Relators and respondents each proclaim their selfless interest in this action and their concern for the public. Relators stress the fact that by reason of their academic and professional training they possess great skill, peculiar knowledge and professional competence in conveyancing and its related arts, particularly with regard to the legal effect of the instruments necessarily executed in the consumation of a real estate transaction, and with that contention, in general, I agree. The respondents argue with cogent reasoning that in some areas their knowledge of real estate transactions exceeds that of many lawyers; that they devote their full time to that business; and that they possess and exercise the necessary skills and ability to effectively and properly consúmate nearly all phases of a real estate transaction; and again in general, I am in agreement. Each of the parties maintain with considerable ardor, that by reason of their skills, training, experience, the licensing requirements of the statutes and the rules of this court, they have been examined, licensed and approved, and that by virtue thereof, each is free of taint, incompetence and self interest. On that point I take issue with both parties. At the risk of offending friends and associates on both sides of this controversy, I submit that the licensing requirements of both came about through the efforts and demands of the public and the responsible members of both professions. This was an attempt to eradicate abuses that were only too apparent, were offensive to reputable practitioners in both professions, and were causing a loss of confidence in the ability and integrity of both groups.

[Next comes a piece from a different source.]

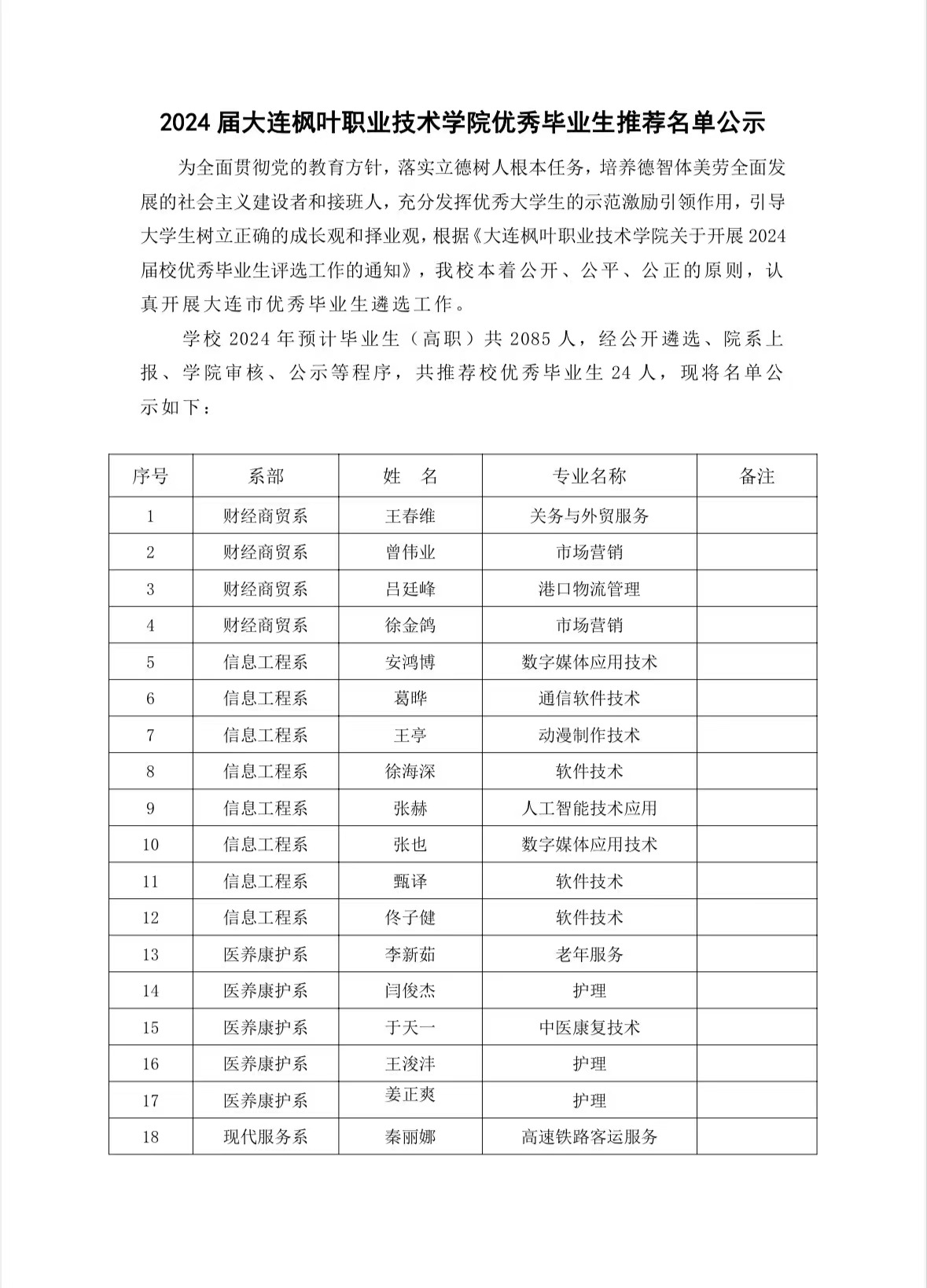 【通知】|2024届大连枫叶职业技术学院优秀毕业生推荐名单公示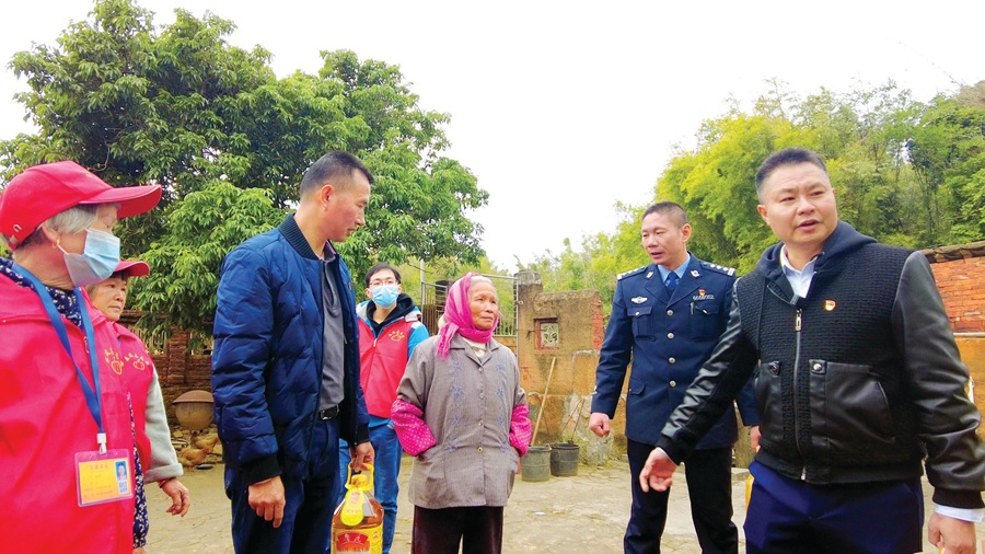 工作隊(duì)員入戶慰問,給老人送上新春祝福。

*230' No reasonable person of the slightest experience would deny, nor I am sure, do the parties hereto, that there is a vast area where the functions of the professions can and do overlap. In my opinion, that area varies in nearly every transaction, and can be determined only by the circumstances then attendant, and is therefore incapable of being legally and precisely defined by any court in a class action such as this. In the final analysis this matter should be resolved by the parties themselves with judgment, good will and a clear and constant regard for the protection of the client. As a lawyer, I find it difficult to agree with the respondents premise that a man can in every, or even many, instances completely, competently and honestly serve two masters; on the other hand, to insist that a realtor have accompanying him at all times and at every state of the proceedings leading up to the consumption of a real estate transaction, one or more lawyers, is of course, an absurd impossibility and such a condition precedent, I am certain, was never contemplated by the relator. I am sure, and I feel that the responsible relator will agree, that there comes a time in most real estate transactions when the proposed buyer or seller should each consult with his own attorney in order to be fully advised as to the legal effect of the instrument or instruments to be executed, to ascertain that the legal description of the real estate is sufficient and correct, and to determine the validity, merchantability and extent of the title conveyed or acquired, etc. In that area the services of the attorney are as vital as the services of the relator in finding the buyer or seller.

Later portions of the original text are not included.